Além do relatório, as equipes da saúde irão trabalhar com policiais federais para investigar possíveis irregularidades em contratos antigos de medicamentos e insumos destinados ao território Yanomami, bem como o número real de mortes por desnutrição e descuidos. Acredita-se que houve uma "grande subnotificação" dos óbitos.

Tapeba comentou ainda sobre a cooperação dos Ministérios da Saúde e dos Povos Indígenas, que irão continuar focando na exoneração de coordenadores regionais de postos de saúde indígenas. Na 2ª feira (23.jan), 11 responsáveis foram demitidos, incluindo Márcio Sidney Sousa Cavalcante, coordenador da região leste de Roraima.

"Vamos analisar as indicações que chegaram aqui para o distrito. Mas o que eu posso dizer é que sozinho o próximo coordenador não conseguirá fazer a intervenção que nós queremos", disse o secretário. Ele ressaltou a importância de retirar os mais de 20 mil garimpeiros do território Yanomami, uma vez que as ações colocam em risco a segurança dos indígenas.

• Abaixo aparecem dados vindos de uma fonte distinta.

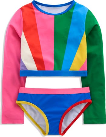 Your mini wave rider will be totally psyched for a colorful rashguard top that comes with matched swim bottoms.
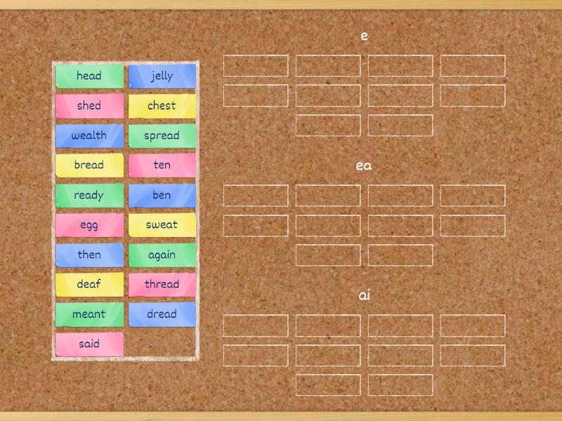 e: ben, egg, ten, then, shed, jelly, chest, ea: bread, deaf, dread, head, meant, ready, spread, sweat, thread, wealth, ai: again, said,

A situação de crise humanitária vivida pela população indígena Yanomami foi revelada no último fim de semana, durante visita do presidente Luiz Inácio Lula da Silva (PT) a Roraima. O governo estima que mais de 500 crianças morreram por fome, desnutrição e contaminação pelo mercúrio, deixado devido ao garimpo, em 2022. 

Em meio ao cenário, mais de 19 mil profissionais de saúde se cadastraram no banco de voluntários do Sistema Único de Saúde (SUS) para prestar atendimento na região. O caso também resultou na abertura de um inquérito na Polícia Federal, que irá apurar eventual cometimento de crime de genocídio, delitos ambientais e omissão de socorro aos yanomamis nos últimos anos. 

Em nota, o Conselho indígena de Roraima (CIR) disse que enviou, nos últimos anos, inúmeros ofícios e denúncias para órgãos públicos devido à situação no local, mas que todos foram ignorados.

+ Crise dos yanomamis é resultado de omissão do Estado brasileiro, diz MPF

"Já não sabemos mais quantas crianças foram mortas, quantas mulheres foram vítimas de violência. Porque todos os dias recebemos notícias de que crianças morreram. Por isso requeremos investigação com profundidade: o Governo Bolsonaro praticou crime de genocídio contra os povos indígenas Yanomami", afirmou.